Farmers Alliance, which sells policies only through its independent agent network, has been rolling out its mobile app program to them over the past year; currently somewhere between 50 and 60 percent of them use the app, Edwardson notes. The company has relationships with about 625 agencies in eight states: Kansas, Oklahoma, Nebraska, Colorado, South Dakota, North Dakota, Montana and Idaho. It has 98,000 policies outstanding and $162 million in direct written premiums. "Our customers love the fact that our agents are using this app. We've had zero negatives resulting from our adoption of this program. They're thrilled that our agents can answer their questions on the spot when they bump into an agent in town or anywhere. We do believe it's a bit of a differentiator relative to our competition, improving customer service and benefiting everyone involved, whether it's the customer, agent or, Farmers Alliance. A lot of companies have been introducing an app either for customers, agents or their staffs over the past year, but we've had quite a bit of discussion on this internally over the past three years, quite a lot of time to make sure we're getting this right."
Focusing on Agents First
Farmers Alliance's program stands out in part because the company has chosen to introduce a mobile app first to agents rather than to its policyholders -- the strategy much of its competition is pursuing (the company is getting ready to introduce a product for policyholders and expects it to be available in the next 18 months). "We're a little unique because we've concentrated first on our independent agents, but we do see value in serving both of these audiences with an app, We've concentrated on our agents first because we want to empower them, and because they do constitute our only distribution channel, we've wanted to keep them in the loop from the get-go, whether we're talking about apps targeting them or our policyholders directly.
"Whatever we do we want to be acceptable to the agent," he emphasizes. "We want their sign-off."
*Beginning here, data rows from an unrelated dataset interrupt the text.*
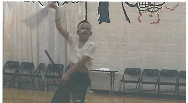
Miles Davis playing Quidditch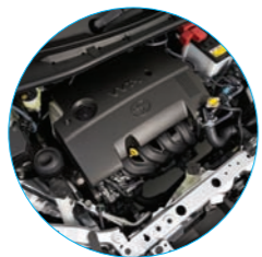
FRONT WHEEL DRIVE 1.5L PETROL MANUAL TRANSMISSION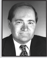
American Window Film, Inc.

"Roller coaster" has been used so often the past few weeks when describing "the market" that I'm feeling a little queasy from the slow upward rises and rapid steep declines. Financial wizards' and stock market gurus' demeanor of discourse has been running the gamut of emotions from guarded optimism to calm resolve to wild and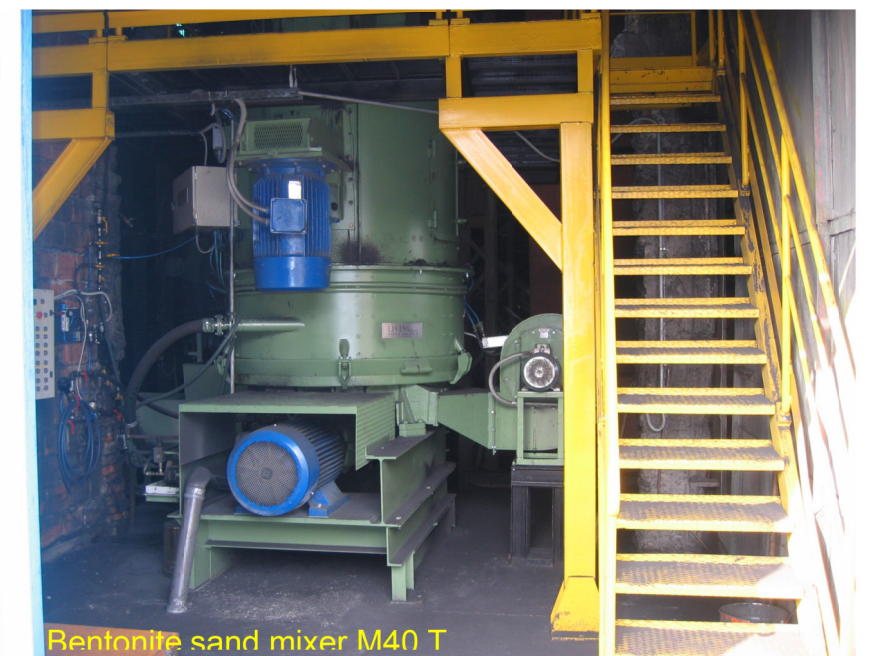
Bentonite sand mixer M40 T

The company's app has been in the works for over three years, Edwardson says; Farmers Alliance execs believe it's ideal for the rural farming communities that it serves. "These are very tight communities -- everyone knows everyone -- and it's certainly not uncommon for one of our agents to bump into a farm customer who might say, 'Did you get my payment?' or 'when is my next payment due?' Or 'I've been meaning to ask you about this.' Now, because of our app, those questions can be answered right then and now, and answered to everyone's satisfaction, without a need to get back to them."
Keeping it Simple
In developing the app, Farmers Alliance has chosen to keep it relatively simple, in part because most agents access it through a smart phone -- "can you imagine having to key in over 100 data points if you're collecting data?" Edwardson asks -- and partly because it doesn't want its agents attempting to offer complex answers at the spur of the moment. "For example, we don't allow agents to quote insurance costs for policyholders buying a new car," he says.
Instead, Edwardson explains, “We've chosen to develop an app that is not highly transaction-oriented, but more inquiry-specific. We've noticed a lot of benefit in the realm of billing in rural markets. 'What do I owe and when?' 'What's my billing cycle?' And we can do the same sorts of things with claims. 'Is the claim being processed? When may I expect a check?'"
As the company readies itself to provide a mobile app directly for policyholders, it's taking pains not to threaten its agents. That means limiting what customers will be able to do and ensuring that agents are notified of everything a customer does with the app—whether it’s updating a mailing address or notifying the insurer of a change in banks.
"We understand that many customers no longer want to do business through the mail,” says Edwardson. “They're not asking specifically for a mobile app, but they do want services provided directly to them, and our app is part of how we're responding."
Are there risks involved? Very few, according to Edwardson: "We've worried a little about errors and omissions exposure, but there's nothing about the app that makes E&O stand out relative to anything else the agent doing," he notes.
Security and privacy issues are another concern. "What would happen if an agent lost the smart phone with the mobile app?" Edwardson asks rhetorically. But Farmers Alliance has dealt with issues like that before “”and think we have it in hand," he replies.
The CIO acknowledges that Farmers isn’t the only insurer experimenting with new app programs. "We're all still dipping our toes in this but apps are continuing to gain traction across carriers," he says. "For all of us, this is a work in progress."